The goal in a way is better reproducibility. The memo hashes the contents of the inputs, so if your cell is deterministic (and you cover all the inputs), the memo should give you the right answers. Of course if you want to rerun everything you can always just delete the memos, but properly used it should be a strict performance improvement.

Of course there are many improvements that can be made (tracking if dependent functions have changed etc) and of course there are inherent limitations. This is very much “work in progress”. But is quite useful right now!

2 comments

That only works for things entirely encapsulated by the value of the cell, which isn't a useful amount of stuff. This will only help with primative toy examples where you are slinging numpy arrays or other easily hashed data with no encapsulation or indetermancy or order independence.

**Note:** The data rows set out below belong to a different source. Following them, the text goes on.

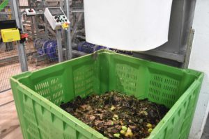 As folhas e ramos de árvore que vêm dentro das caixas de fruta que chegam à central são recolhidas para compostagem. A organização desenvolveu uma máquina onde, além destes resíduos, também coloca fruta podre e relva do jardim, que depois são triturados e ficam em depósito durante algumas semanas até se transformar em composto orgânico.
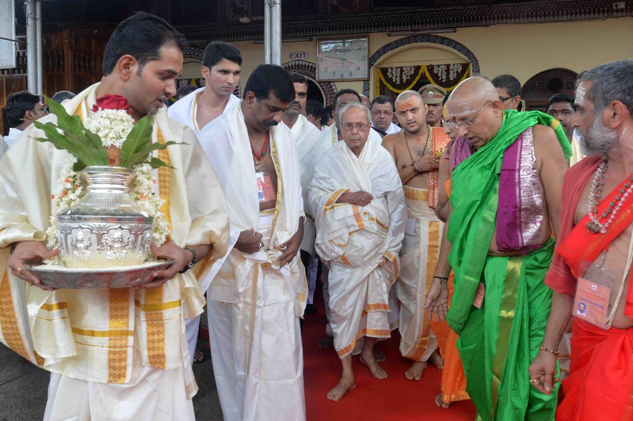 The President of India, Shri Pranab Mukherjee visiting the Sri Krishna Temple, at Udupi, in Karnataka on June 18, 2017.
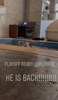 爵士球员多诺万-米切尔今日在Instagram上发布了一段队友里基-卢比奥在泳池中训练的视频。
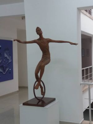 Sanatçı İsken Abdaliev açıklamasında; “İçinden geçtiğimiz koronavirüs salgını ile birlikte hızlı değişim çağında, muazzam bir yaşam hızında bir kişi için ruh dengesi ihtiyaç haline geliyor. Heykeldeki adam denge ve huzur için uğraşıyor. Heykeldeki tekerlek ruh gücünün sembolü. Figürün denge koruması insanın iç dengesinin ne kadar kırılgan olduğunu anlatıyor” ifadelerine yer verdi.
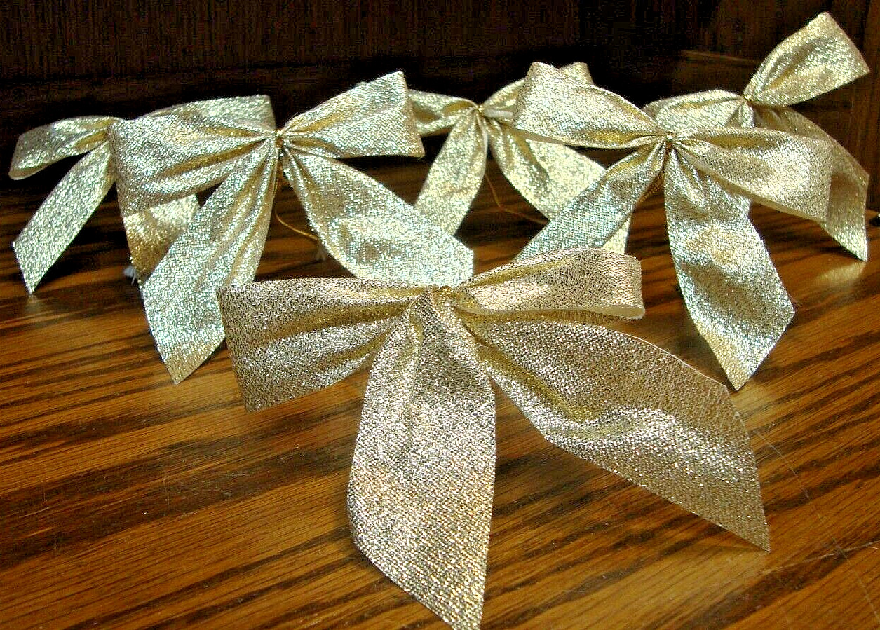 • Lot 6 Small 4" Gold Tone Glitter Wired Bows for Gifts or Christmas Tree 869
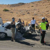 Aynı istikamette ilerleyen 06 EAY 260 plakalı beton mikseri ile çarpışan otomobilde sıkışan 2 kişi, itfaiye ekipleri tarafından araçtan çıkarıldı.
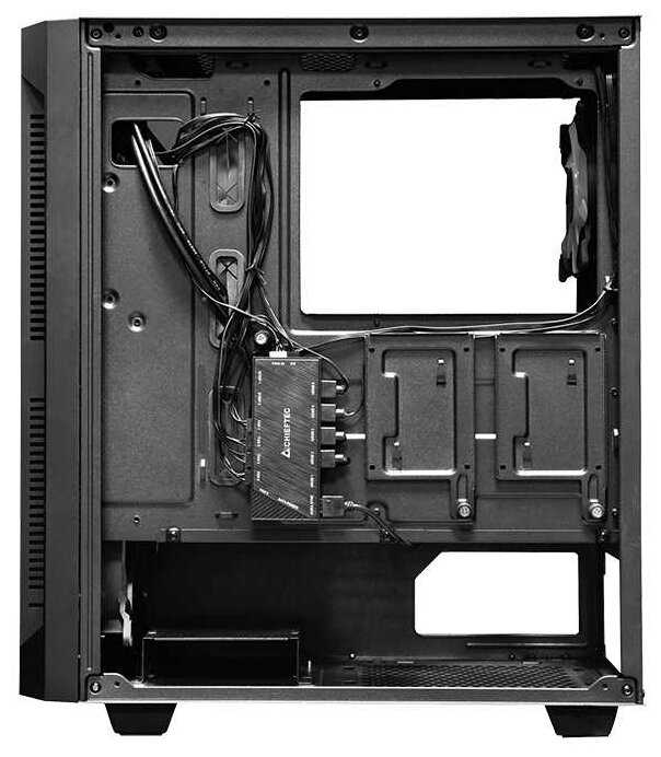 Целевая аудитория: Корпус подойдет пользователям с совместимыми ARGB-материнскими платами, готовыми к ручной настройке BIOS для управления вентиляторами. Вместительность шасси оптимальна для ATX-систем с воздушным охлаждением, но не для массивных СВО или двух видеокарт — нижние слоты PCI-E перекрыты корзиной HDD. Качество материалов приемлемо для ценника до 6000 руб., но уступает Chieftec моделям 2008-2014 гг.
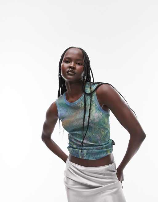 Topshop licensed graphic National Gallery Monet irises mesh tank top in multi
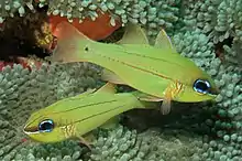 Ostorhinchus sealei, Seale's cardinalfish or the cheek-barred cardinalfish, is a species of ray-finned fish, a cardinalfish, from the family Apogonidae. It is an Indo-Pacific species which ranges from Malaysia east to the Solomon Islands, north to southern Japan and south to northwestern Australia, as well as Palau in Micronesia.[2] It is an uncommon species which occurs among branching corals in the sheltered lagoons protected by reefs. It can be found in small to large aggregations low in the water over the reef. It is infrequent below depths of 10 metres (33 ft). They are mouthbrooders which form pairs to mate.[2] During the day these fish shelter in the reef and they emerge at night to feed on zooplankton and benthic invertebrates.[1] The specific name honours the American ichthyologist Alvin Seale (1871-1958).[3]
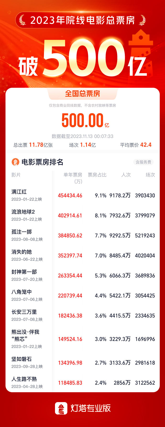 據(jù)中國國家電影專資辦初步數(shù)據(jù)統(tǒng)計顯示,2023年中國電影年度票房于11月13日突破500億元(人民幣,下同),用時317天。其中,國產(chǎn)影片票房417億元,占比達(dá)83.4%。
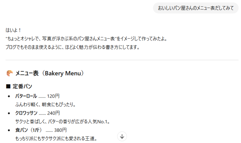 (以下ChatGPT生成の架空パン屋メニュー文コピペ)とリクエストを送信👇
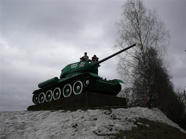 Каждый, кто подъезжает к Смоленску со стороны Демидовского шоссе, еще издалека видит боевой танк Т-34. К нему мы тоже съездили. И уж если мы пошли по тяжелой технике, то есть у них еще и Самолет Ту-16 на ул. Багратиона.
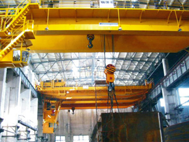桥式起重机,是一种类型的起重机在工业环境中。高架起重机由平行的跑道组成,行进桥横跨该间隙。一个葫芦,起重机的起重部件,沿着桥行驶。如果桥在地面上固定在固定导轨上的两个或多个支腿上受到刚性支撑,则该起重机称为龙门起重机或巨人起重机。
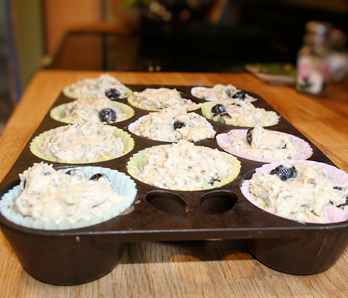 Spoon the batter into your muffin cups evenly. I like to make sure they are a little bit over filled. This ensures that nice top we all love muffins to have.
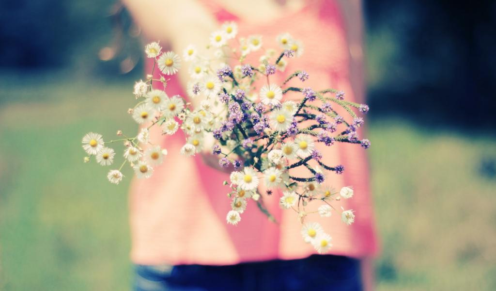Wallpaper Girl with bouquet of flowers
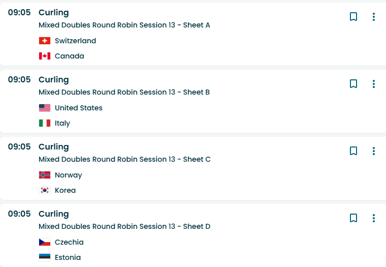 >Schedule:https://www.olympics.com/en/milano-cortina-2026/results/cur/x/team2-------------/team-sports-schedule-event>Watch CBC (Canadian VPN required):https://gem.cbc.ca/collection/olympics-curling>Watch SVT (Swedish VPN required):https://www.svtplay.se/os-2026-curling>Watch YLE (Finnish VPN required):https://arenan.yle.fi/1-76727632>Watch NRK (Norwegian VPN required):https://tv.nrk.no/programmer/ol-curling>Watch ARD (German VPN required):https://www.ardmediathek.de/>Previous:>>153319218>Sunday 8th February04:05 EST / 10:05 CETMixed Doubles Round Robin Session 10 - Sheet ANorway 3Czechia 604:05 EST / 10:05 CETMixed Doubles Round Robin Session 10 - Sheet BEstonia 3Korea 908:35 EST / 14:35 CETMixed Doubles Round Robin Session 11 - Sheet ACanada 6Sweden 708:35 EST / 14:35 CETMixed Doubles Round Robin Session 11 - Sheet BGreat Britain 6Switzerland 708:35 EST / 14:35 CETMixed Doubles Round Robin Session 11 - Sheet CUnited States 5Estonia 308:35 EST / 14:35 CETMixed Doubles Round Robin Session 11 - Sheet DItaly 8Czechia 213:05 EST / 19:05 CETMixed Doubles Round Robin Session 12 - Sheet AItalyGreat Britain13:05 EST / 19:05 CETMixed Doubles Round Robin Session 12 - Sheet BSwedenUnited States13:05 EST / 19:05 CETMixed Doubles Round Robin Session 12 - Sheet CSwitzerlandNorway13:05 EST / 19:05 CETMixed Doubles Round Robin Session 12 - Sheet DCanadaKorea>Monday 9th February04:05 EST / 10:05 CETMixed Doubles Round Robin Session 13 - Sheet ASwitzerlandCanada04:05 EST / 10:05 CETMixed Doubles Round Robin Session 13 - Sheet BUnited StatesItaly04:05 EST / 10:05 CETMixed Doubles Round Robin Session 13 - Sheet CNorwayKorea04:05 EST / 10:05 CETMixed Doubles Round Robin Session 13 - Sheet DCzechiaEstonia12:05 EST / 18:05 CETMixed Doubles Semi-final - Sheet B12:05 EST / 18:05 CETMixed Doubles Semi-final - Sheet D
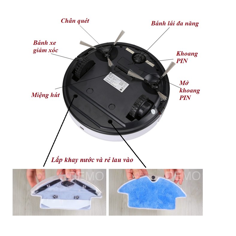 ✅ Máy lau nhà thông minh được tích hợp rẻ lau và khay nước để lau ở chế độ ẩm ướt nhắm đánh bật các vết bẩn khó đi
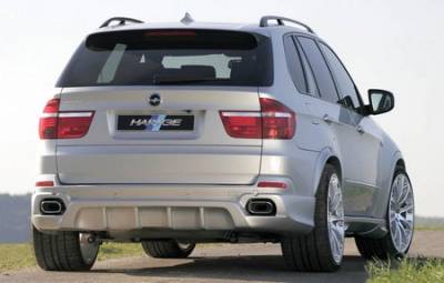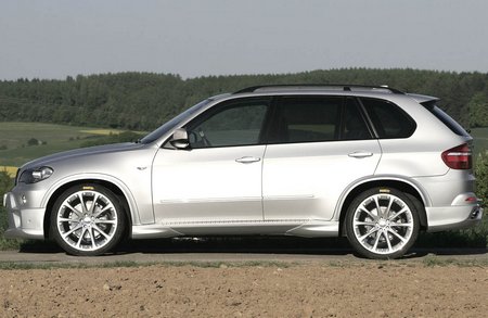 Немецкая тюнинг-компания Hartge известна своими безумными модификациями автомобилей BMW, и их последняя разработка не является исключением. На этот раз инженеры Hartge взялась за обновленный BMW X5, внеся изменения в экстерьер, интерьер и внутреннее устройство автомобиля, придав ему более спортивный, экстремальный и агрессивный вид. Мощность тюнингованного X5, получившего название Hartge Hunter, увеличили на 40 л.с. (29 кВ), что дало 3,0-литровому дизельному двигателю общую мощность равную 275 л.с. (202 кВ). Крутящий момент также увеличили – прибавка в 59 фунт/фут (80 Нм), до 443 фунт/фут (600 Нм), что позволяет разгонять внедорожник весом 2 тонны от 0 до 100 км/час всего за 7,4 сек, что на 1 сек быстрее базового X5. Максимальная скорость автомобиля составляет 232 км/час. В соответствии с такими характеристиками, Hartge Hunter также претерпел изменения в экстерьере. Автомобиль дополнили новыми аэродинамическими деталями, такими как передний спойлер, заднее крыло и новые боковые обвесы. Благодаря усовершенствованным рессорам посадка автомобиля стала ниже на 30 мм в отличие от стандартной модели, хотя за счет добавления новых кузовных элементов кажется, что Hunter посажен еще более глубоко. Небольшие дополнения, такие как серебристые углепластиковые козырьки боковых зеркал и специальные эмблемы, привлекают внимание к деталям. Массивные 22-дюймовые колеса, оснащенные потрясающими 285 мм покрышками Pirelli Scorpion Zeros на передних, и 335 мм – на задних колесах, успешно завершают экстерьер. Интерьер можно модернизировать под каждого конкретного заказчика, вплоть до установки спидометра, пронумерованного до 300 км/час, что с учетом максимальной скорости Hunter несет исключительно косметический характер. Завершают интерьер кожаный трехспицевой руль, приборная панель, эксклюзивная рукоятка рычага переключения передач и четыре двери со вставками из углеволокна, а также черные велюровые коврики. Полностью заряженный Hunter на европейском рынке будет стоить 57 554 евро ($90 100) плюс налоги. Кстати, покупателям нет необходимости покупать весь тюнинг-кит – каждую его деталь можно приобрести в отдельности.
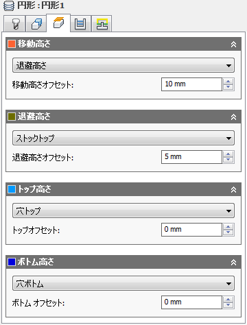 移動高さは、工具パスの始点への動線上で工具が早送りする最初の高さです。
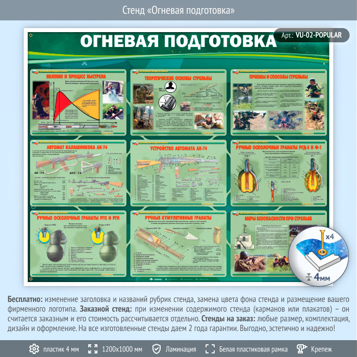 Стенд «Огневая подготовка» (VU-02) разработан в соответствии с Федеральным законом «О воинской обязанности и военной службе», Положением о подготовке граждан Российской Федерации к военной службе, Концепцией патриотического воспитания граждан РФ, тематическим планом раздела ОБЖ «Основы военной службы». На стенде раскрываются теоретические основы стрельбы, явление и процесс выстрела, приемы и способы стрельбы, предназначение и устройство РПК-74 и АК-74, ручных осколочных гранат РГД-5 и Ф-1, а также гранат РГО и РГН, меры безопасности при стрельбе.
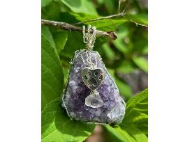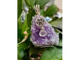 This exquisite natural Raw Amethyst Druze pendant, measuring 2 inches in length (including the silver hook), is a unique piece from the exclusive "You Left a Paw Print in My Heart" collection. The pendant features a stunning purple and lilac amethyst cluster stone, artfully wrapped and adorned with a 10mm antique silver heart charm showcasing a delicate dog paw print. Suspended from the charm is a half-inch frosted quartz clear teardrop stone, adding a touch of elegance. Known for its natural stress-relieving and healing properties, the amethyst's true beauty is beyond what pictures can capture. This pendant is more than just a piece of jewelry; it's a cherished reminder of the paw prints left on your heart.
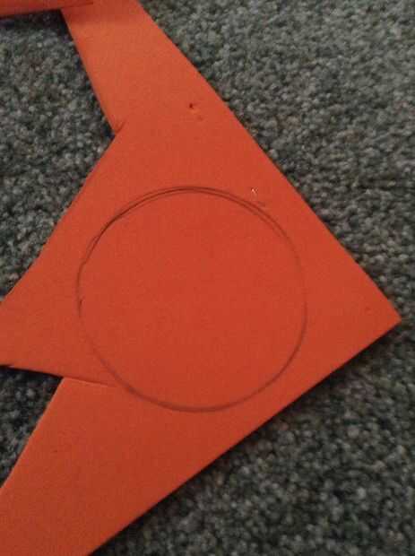 Dibuja un círculo en la espuma con el interior de su rollo de cinta. Recortar el círculo. Coloque el círculo en la parte superior del tubo. Seguimiento de la apertura y corte hacia fuera. Deslice el anillo de cebolla de espuma en el tubo. Pegar la espuma en por cualquier medio que considere oportuno.

Sorry, if it were possible to just generically cache computations it would be done everywhere for everything. This is just going to help with toy examples.

The only way this leads to "better reproducability" is if it fails to recompute things that it should have recomputed. If the computation was actually deterministic from its inputs the best and literally the only possible thing this can do is exactly what recomputing it would do, but faster. Frankly that you said it is more reproducible is enough evidence for me that you are doing something fundementally broken.

> The goal in a way is better reproducibility. The memo hashes the contents of the inputs, so if your cell is deterministic (and you cover all the inputs), the memo should give you the right answers.

That's an enormously large if, and without any way to detect or manage when that's not the case, it's hard to see how this could aid reproducibility. This adds a new failure mode for reproducibility where an important side-effect is not rerun, altering the results.

Think of this like incremental builds via make etc. You don't necessarily trust the output 100% but it speeds up work so much it's worth it, you can always do a clean build at key points where you want more confidence.
Sure, but that's not really the point of my comment. The author suggested this helps reproducibility in some way, and I'm trying to understand how this is supposed to help, when on its face, it can only hurt.
But compilers are deterministic, no?